A procura por injeções semanais para emagrecer continua a aumentar e, com ela, surge nova evidência a levantar questões incómodas sobre o que acontece quando as injeções são interrompidas - não só no peso, mas também na saúde do coração e na promessa de mudança duradoura.
O que a nova revisão realmente concluiu
O alerta mais recente vem de uma revisão abrangente de 37 estudos clínicos, que reuniu mais de 9,300 pessoas medicadas com agonistas do GLP-1 injetáveis, como o semaglutido. Estes fármacos foram criados inicialmente para a diabetes tipo 2 e são hoje usados de forma alargada no tratamento da obesidade.

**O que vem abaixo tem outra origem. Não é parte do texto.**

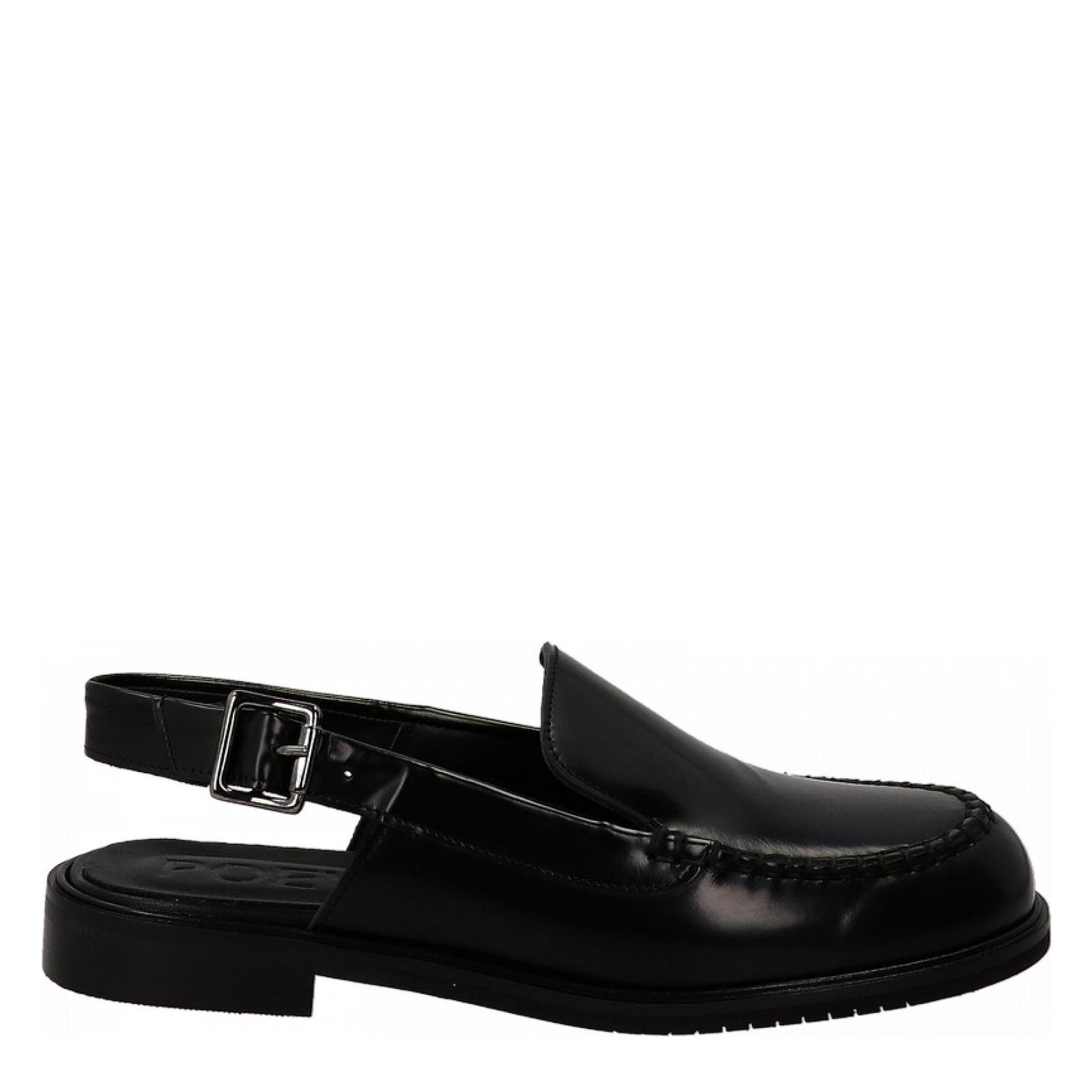 I mocassini slingback Alix sono una reinterpretazione audace di una silhouette classica. Realizzati in pelle nera spazzolata, presentano dettagli cuciti a mano con grande cura per una finitura raffinata. Il cinturino slingback regolabile con fibbia argentata garantisce una calzata sicura, mentre la suola leggera offre un comfort moderno. Suola in gomma con tacco di 2,5 cm. Made in Italy.

Durante cerca de nove meses de terapêutica, os participantes perderam em média 8.3 kg. Enquanto as pessoas mantinham as injeções, o efeito na perda de peso era claro.
"Assim que as injeções paravam, as pessoas voltavam a ganhar, em termos típicos, cerca de 0.4 kg por mês e regressavam ao peso inicial em menos de dois anos."
A velocidade deste reganho chama a atenção. Segundo a equipa de investigadores sediada em Oxford, autora da revisão publicada no BMJ, o efeito “ioiô” após interromper injeções de GLP-1 foi quase quatro vezes mais rápido do que o observado em pessoas que emagrecem através de programas estruturados de alimentação e exercício.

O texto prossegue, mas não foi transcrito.